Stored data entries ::
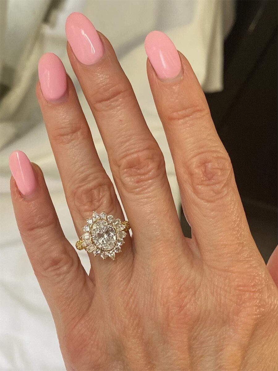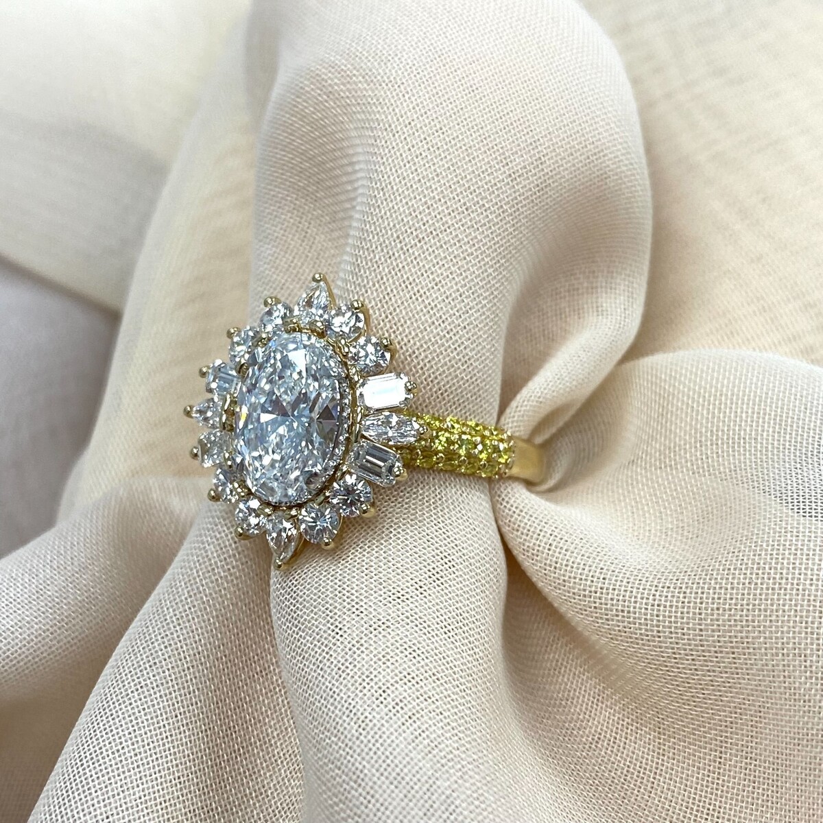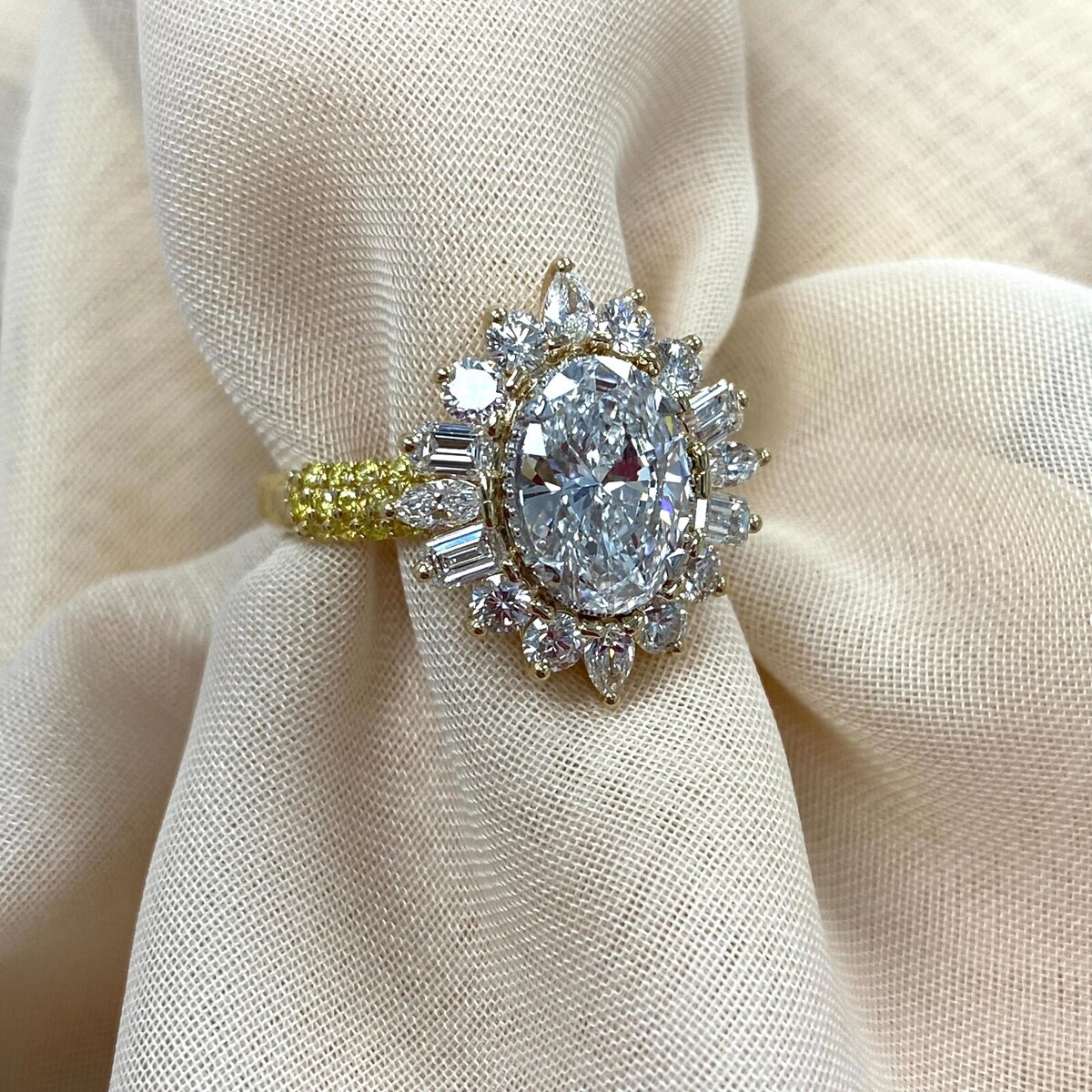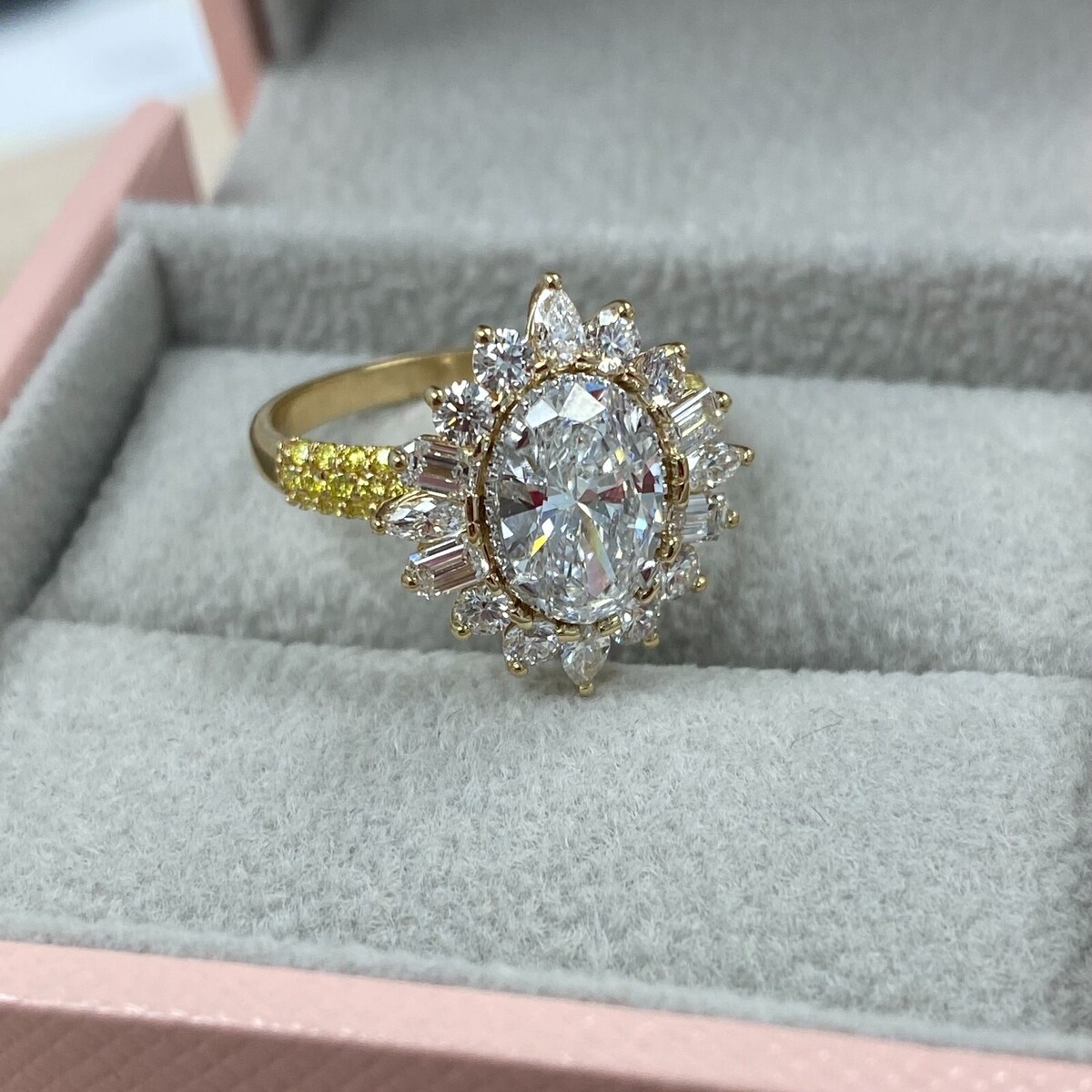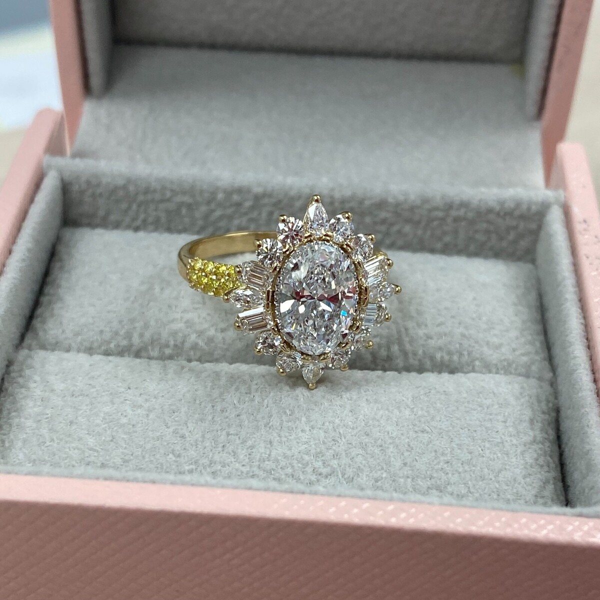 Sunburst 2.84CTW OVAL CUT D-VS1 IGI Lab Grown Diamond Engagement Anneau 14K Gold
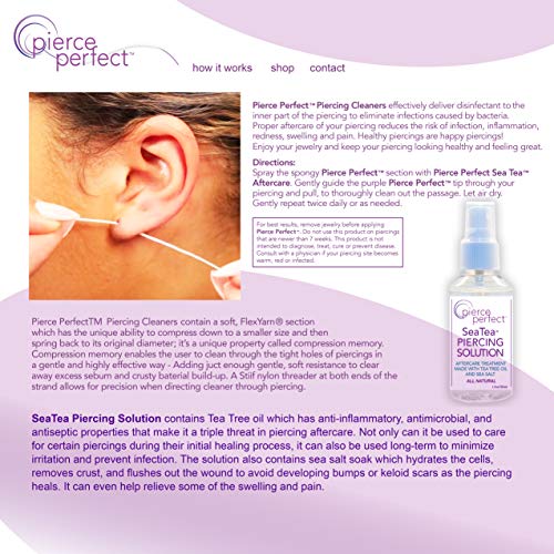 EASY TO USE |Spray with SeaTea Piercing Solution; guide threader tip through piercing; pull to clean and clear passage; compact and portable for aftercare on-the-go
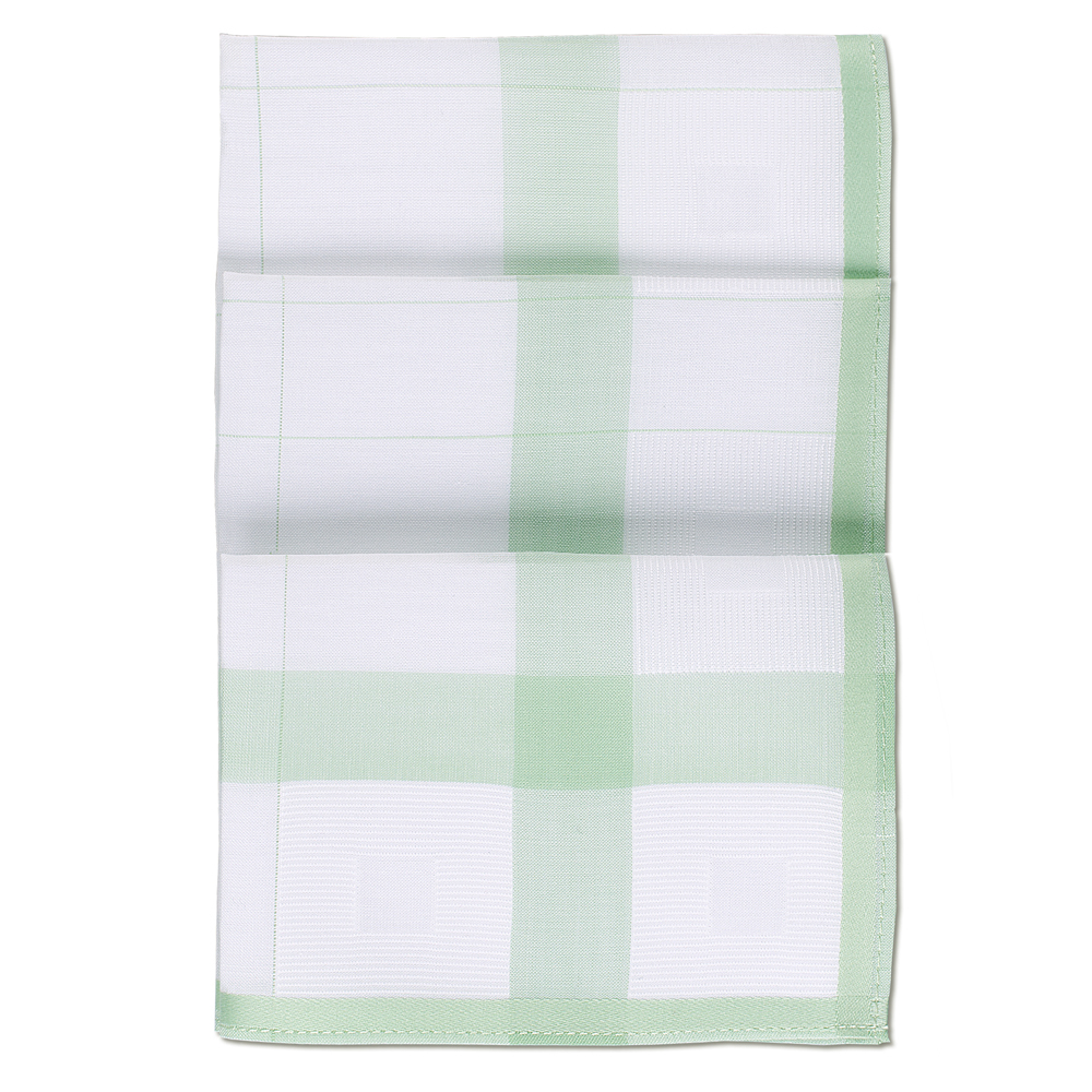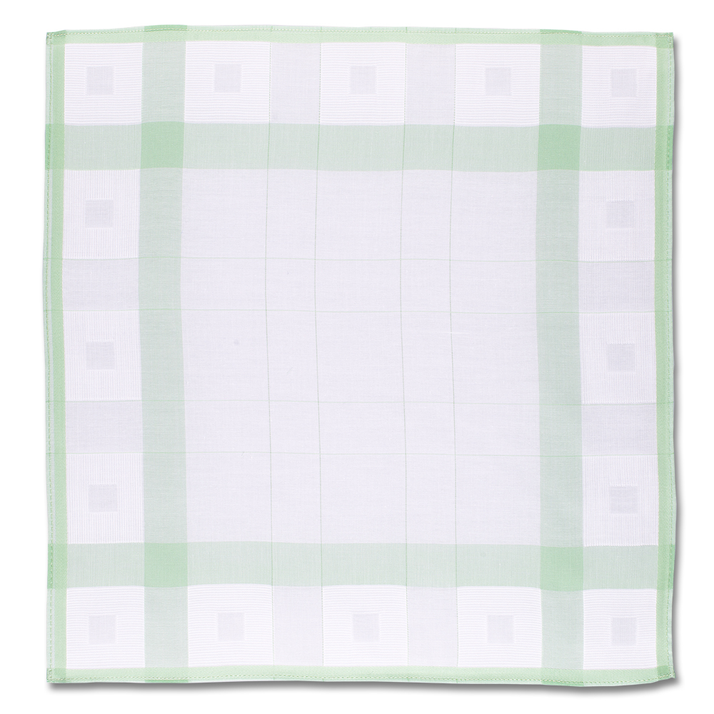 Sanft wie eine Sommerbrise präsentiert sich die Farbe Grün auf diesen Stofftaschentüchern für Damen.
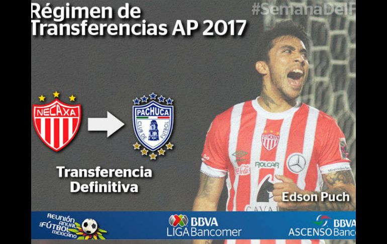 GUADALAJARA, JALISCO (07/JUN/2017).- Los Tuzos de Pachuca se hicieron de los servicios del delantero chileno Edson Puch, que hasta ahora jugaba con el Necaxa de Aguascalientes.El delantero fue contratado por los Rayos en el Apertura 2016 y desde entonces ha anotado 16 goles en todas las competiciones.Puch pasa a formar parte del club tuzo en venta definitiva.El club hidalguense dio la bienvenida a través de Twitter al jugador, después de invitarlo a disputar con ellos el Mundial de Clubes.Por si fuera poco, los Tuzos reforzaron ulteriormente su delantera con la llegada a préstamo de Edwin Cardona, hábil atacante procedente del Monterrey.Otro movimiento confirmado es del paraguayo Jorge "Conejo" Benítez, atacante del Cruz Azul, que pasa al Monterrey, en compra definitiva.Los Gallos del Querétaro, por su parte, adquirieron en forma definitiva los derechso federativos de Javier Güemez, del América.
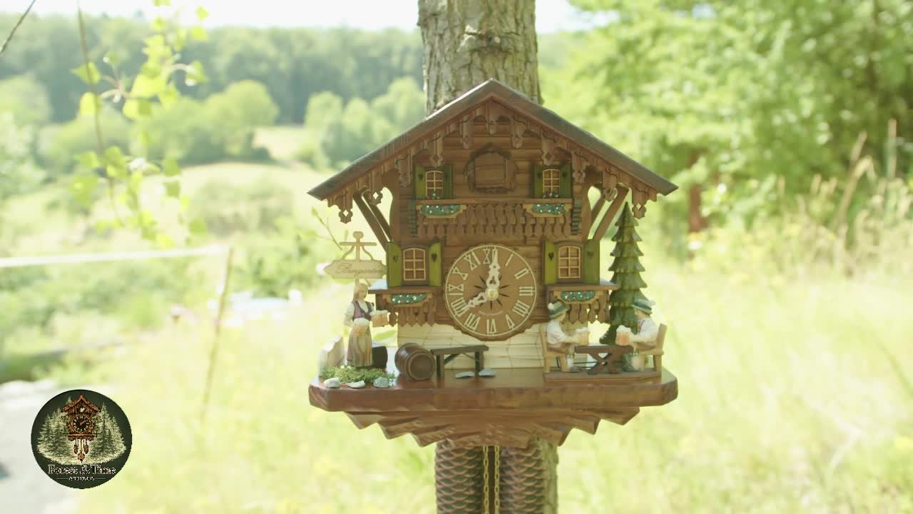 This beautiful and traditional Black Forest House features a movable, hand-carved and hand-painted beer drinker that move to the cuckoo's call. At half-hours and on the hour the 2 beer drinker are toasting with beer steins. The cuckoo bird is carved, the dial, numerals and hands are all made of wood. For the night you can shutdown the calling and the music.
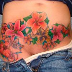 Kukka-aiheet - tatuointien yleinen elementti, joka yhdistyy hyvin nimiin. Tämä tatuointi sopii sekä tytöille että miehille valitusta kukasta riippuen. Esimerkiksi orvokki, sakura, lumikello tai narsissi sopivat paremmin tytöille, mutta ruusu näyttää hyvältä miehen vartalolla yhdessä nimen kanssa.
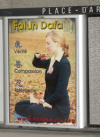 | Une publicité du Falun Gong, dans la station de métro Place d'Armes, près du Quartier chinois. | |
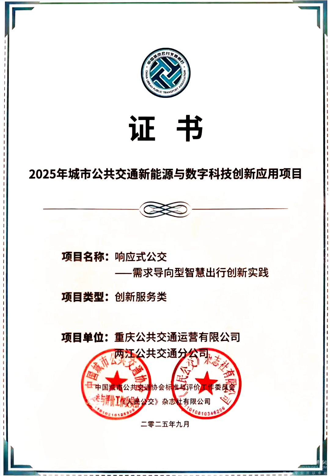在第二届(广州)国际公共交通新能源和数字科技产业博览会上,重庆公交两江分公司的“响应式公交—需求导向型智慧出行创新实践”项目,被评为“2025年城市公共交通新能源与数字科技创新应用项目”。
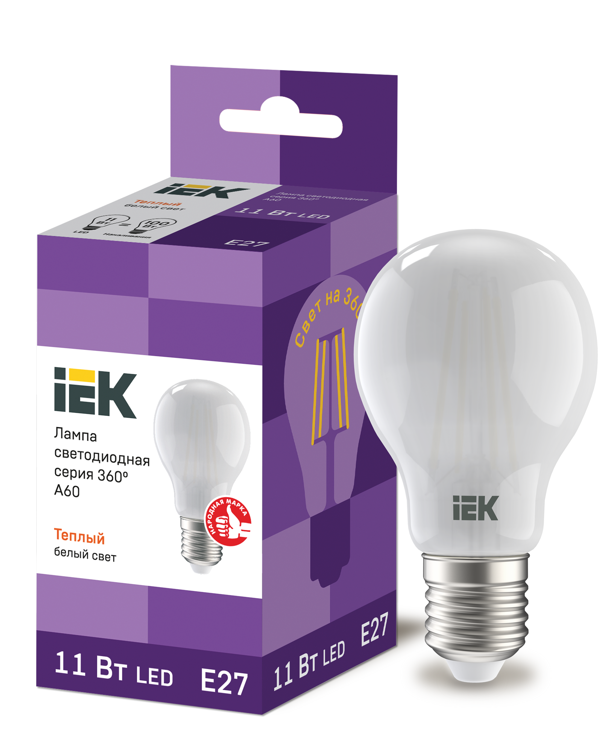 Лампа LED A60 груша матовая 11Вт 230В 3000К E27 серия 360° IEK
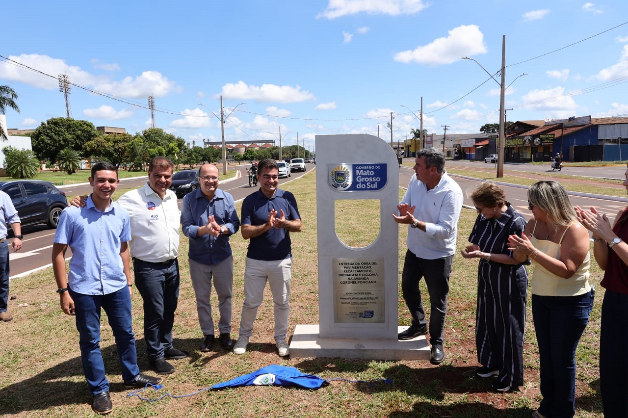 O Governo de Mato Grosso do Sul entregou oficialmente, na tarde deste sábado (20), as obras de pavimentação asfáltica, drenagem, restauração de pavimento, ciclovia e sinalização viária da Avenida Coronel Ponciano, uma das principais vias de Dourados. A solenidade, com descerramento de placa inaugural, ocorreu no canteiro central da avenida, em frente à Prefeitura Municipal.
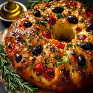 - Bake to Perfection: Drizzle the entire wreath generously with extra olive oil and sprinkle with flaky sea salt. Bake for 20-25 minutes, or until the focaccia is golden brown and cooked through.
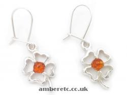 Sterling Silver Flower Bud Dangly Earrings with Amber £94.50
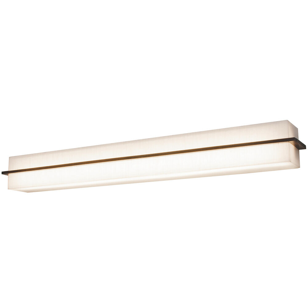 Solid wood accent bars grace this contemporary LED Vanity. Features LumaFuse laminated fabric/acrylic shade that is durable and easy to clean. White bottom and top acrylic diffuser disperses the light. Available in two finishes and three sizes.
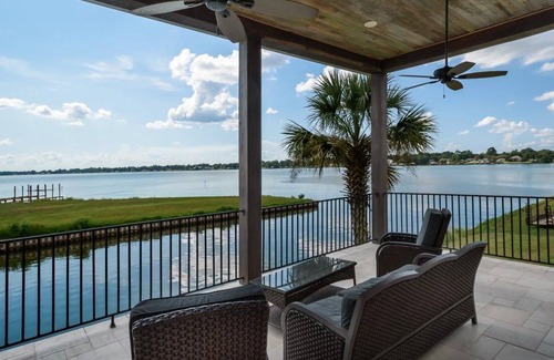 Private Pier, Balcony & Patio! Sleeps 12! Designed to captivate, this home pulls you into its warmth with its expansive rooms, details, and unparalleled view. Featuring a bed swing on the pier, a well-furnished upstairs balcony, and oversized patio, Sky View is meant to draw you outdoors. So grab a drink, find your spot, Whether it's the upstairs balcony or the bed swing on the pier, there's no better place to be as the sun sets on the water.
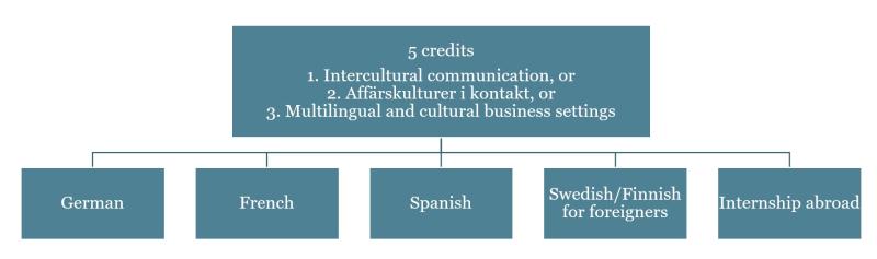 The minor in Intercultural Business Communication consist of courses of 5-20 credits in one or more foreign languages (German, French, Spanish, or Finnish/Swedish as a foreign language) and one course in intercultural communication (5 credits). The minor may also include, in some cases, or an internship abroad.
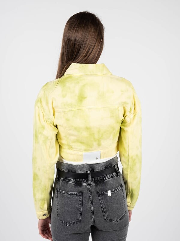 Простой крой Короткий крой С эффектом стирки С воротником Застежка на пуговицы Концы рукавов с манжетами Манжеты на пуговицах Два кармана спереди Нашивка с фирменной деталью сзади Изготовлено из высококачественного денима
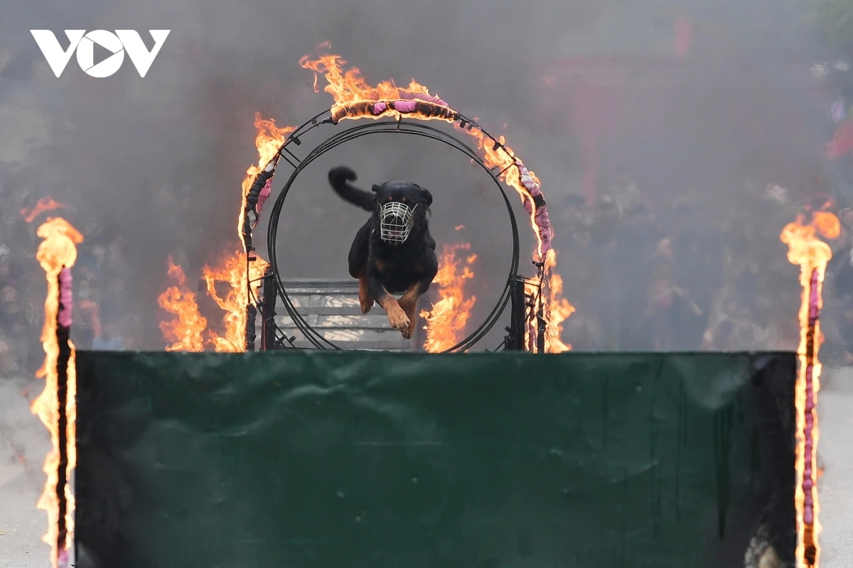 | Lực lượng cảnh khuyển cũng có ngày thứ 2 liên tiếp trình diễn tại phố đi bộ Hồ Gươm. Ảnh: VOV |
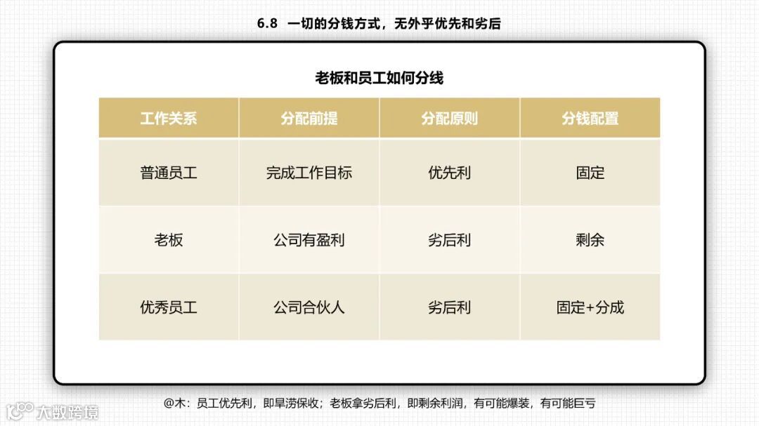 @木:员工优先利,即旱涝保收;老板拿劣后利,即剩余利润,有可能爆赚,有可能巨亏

ASSIGNMENT ::
Pictures excluded, reproduce only the part above that opens with the line holding "Sterling Silver Flower" and closes with the line holding "The minor in", exactly as written.

EXERCISE RESULT ::
 Sterling Silver Flower Bud Dangly Earrings with Amber £94.50
 Solid wood accent bars grace this contemporary LED Vanity. Features LumaFuse laminated fabric/acrylic shade that is durable and easy to clean. White bottom and top acrylic diffuser disperses the light. Available in two finishes and three sizes.
 Private Pier, Balcony & Patio! Sleeps 12! Designed to captivate, this home pulls you into its warmth with its expansive rooms, details, and unparalleled view. Featuring a bed swing on the pier, a well-furnished upstairs balcony, and oversized patio, Sky View is meant to draw you outdoors. So grab a drink, find your spot, Whether it's the upstairs balcony or the bed swing on the pier, there's no better place to be as the sun sets on the water.
 The minor in Intercultural Business Communication consist of courses of 5-20 credits in one or more foreign languages (German, French, Spanish, or Finnish/Swedish as a foreign language) and one course in intercultural communication (5 credits). The minor may also include, in some cases, or an internship abroad.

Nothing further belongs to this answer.